E é isso que você, Marcus Vinicius Furtado Coelho, deve fazer, e não enunciar esse Himalaia de asneiras ao dizer que o Ophir Cavalcante “trabalha em favor do patrimônio público do Brasil e dos estados”, pois essa frase é um atentado à dignidade de toda a Nação Brasileira, que só deseja uma coisa: que o Ophir seja expulso da OAB é vá imediatamente para a cadeia.

brasileiro cidadão disse:
18 de novembro de 2011 às 11:22

É incrivel como o povo ainda acredita nesses supostos defensores da moralidade, o cara sai por ai dizendo tudo quanto é asneira se dizendo guardião da moral e ai!
Todos sabem que a OAB é uma Monarquia, o pai do exímio dirigente já foi presidente e agora o filho e quando se fala em aprovar eleições diretas por todos os advogados o que a OAB fez vetou!
Assim é fácil, enquanto os advogados dão duro aqui no fórum o senhor presidente recebe vintão por mês e ainda advoga no particular, sem trabalhar nada para o Estado do Pará!
Bom, por fim, desde de quando a OAB é entidade de classe dos procuradores estaduais do Pará, é assim tá fácil!

brasileiro cidadão disse:
18 de novembro de 2011 às 11:22

É incrivel como o povo ainda acredita nesses supostos defensores da moralidade, o cara sai por ai dizendo tudo quanto é asneira se dizendo guardião da moral e ai!
Todos sabem que a OAB é uma Monarquia, o pai do exímio dirigente já foi presidente e agora o filho e quando se fala em aprovar eleições diretas por todos os advogados o que a OAB fez vetou!
Assim é fácil, enquanto os advogados dão duro aqui no fórum o senhor presidente recebe vintão por mês e ainda advoga no particular, sem trabalhar nada para o Estado do Pará!
Bom, por fim, desde de quando a OAB é entidade de classe dos procuradores estaduais do Pará, é assim tá fácil!

Paulo Jorge Andrade Trinchão disse:
18 de novembro de 2011 às 11:33

O tal Rodolpho - se de fato, advogado - deve atuar no Estado do Pará e, de maneira flagrantemente pueril, não conseguiu sequer disfarçar o seu estulta antagonismo com o competente presidente da OAB Federal. Não sabe exercer com decência(e nem aqui se falará em dignidade!)o papel de urbano desafeto, é deficiete prá caramba!

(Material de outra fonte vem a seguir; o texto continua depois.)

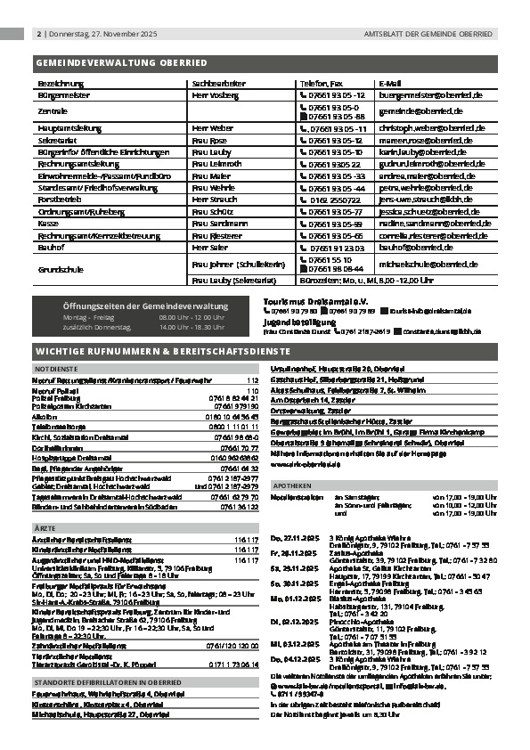 Die technische Störung aufgrund des Kabelschadens wurde behoben. Die Gemeindeverwaltung Oberried ist ab sofort wieder telefonisch erreichbar. Wir bedanken uns herzlich für Ihr Verständnis während der Zeit der Einschränkung. Ihre Gemeindeverwaltung Oberried

Marcos Alves Pintar disse:
18 de novembro de 2011 às 13:33

Ainda não vi explicações de Ophir em relação à acusação de que está afastado de forma remunerada do cargo de Procurador do Estado, mas está atuando como advogado privado. A lei permite isso? Consta da decisão deferindo seu afastamento que ele poderia desenvolver atividade privada enquanto recebe remuneração dos cofres públicos, eternamente?

Stanley M.D.Tenório disse:
18 de novembro de 2011 às 14:21

A despeito da controvérsia estabelecida, que deve ser dirimida para que os fatos asseverados sejam devidamente esclarecidos, vez que a verdade é impossível de ser alcançada em sua plenitude, não se há de olvidar o relevante trabalho realizado pelo presidente Ophir, que, na condição humana, merece respeito ínsito à dignidade que lhe deve ser conferida.
Nesse sentido, em que pese o relevo que as questões sociais guardam ao serem disseminadas através da mídia jornalística, resta indubitável que devem ser assegurados os valores inerentes à ampla defesa e sobretudo ao contraditório, que, foi instaurado mediante o encaminhamento da missiva.
Certamente que os fatos restarão esclarecidos, independente de quem seja o pecador, oportunidade na qual colher-se-á melhor possibilidade para a expressão de juízos mil. Entrementes, conquanto alguns pronunciamentos estejam permeados por acrimônia também ínsita à condição humana, cumpre relembrar os nefastos efeitos que emanam do julgamento açodado, tal como o caso da Escola de Base em São Paulo etc.
Leguemos a Ophir o direito de expressar as suas razões, a fim de que possamos continuar a acreditar que ninguém poderá ser considerado culpado antes do justo e cristalino julgamento humano.

rodolpho disse:
18 de novembro de 2011 às 14:43

Paulo Trinchão: você me chamou de burro, de deficiente e de imbecil. E fez isso da cidade de São José do Rio Preto, Estado de São Paulo, onde você pegou a sua carteira de advogado em 27 de abril de 1999.
Em primeiro lugar, você provou que é analfabeto, porque provou não conhecer ortografia, pois, ao invés de escrever “deficiente”, você escreveu “deficiete”.
E também provou que não conhece gramática, pois usou o adjetivo “estulto” no gênero feminino, que não existe, escrevendo “estulta”. E, se por acaso esse adjetivo existisse no gênero feminino, ainda assim você teria errado a concordância, pois deveria, então, escrever “sua”, e não “seu”, conforme fez.
De que raio de faculdade você saiu para ser tão analfabeto?
A sua defesa canalha, da canalhice praticada pelo Ophir Cavalcante, tem duas explicações: (1) você é daqueles brasileiros que confundem a sacanagem e a corrupção dos homens públicos com inteligência e esperteza, e aplaudem e invejam essa sacanagem e essa corrupção; (2) a segunda explicação é que você é mais feio que o diabo, e isso pode ser constatado por qualquer do ConJur que acesse o cadastro no site da OAB Federal.
Acontece que você deixa claro que sente uma forte atração sexual pelo Ophir Cavalcante, mas, sendo feio como é, jamais poderá ser mulher do referido Ophir Cavalcante.

Ricardo T. disse:
18 de novembro de 2011 às 14:54

O nosso Presidente está certo, pois como Presidente da OAB age em nome do Estado Democrático de Direito, defendendo os mais fracos e velando pela aplicação exata da lei, além de fiscalizar o Poder Judiciário e o Ministério Público. O Presidente tem meu apoio!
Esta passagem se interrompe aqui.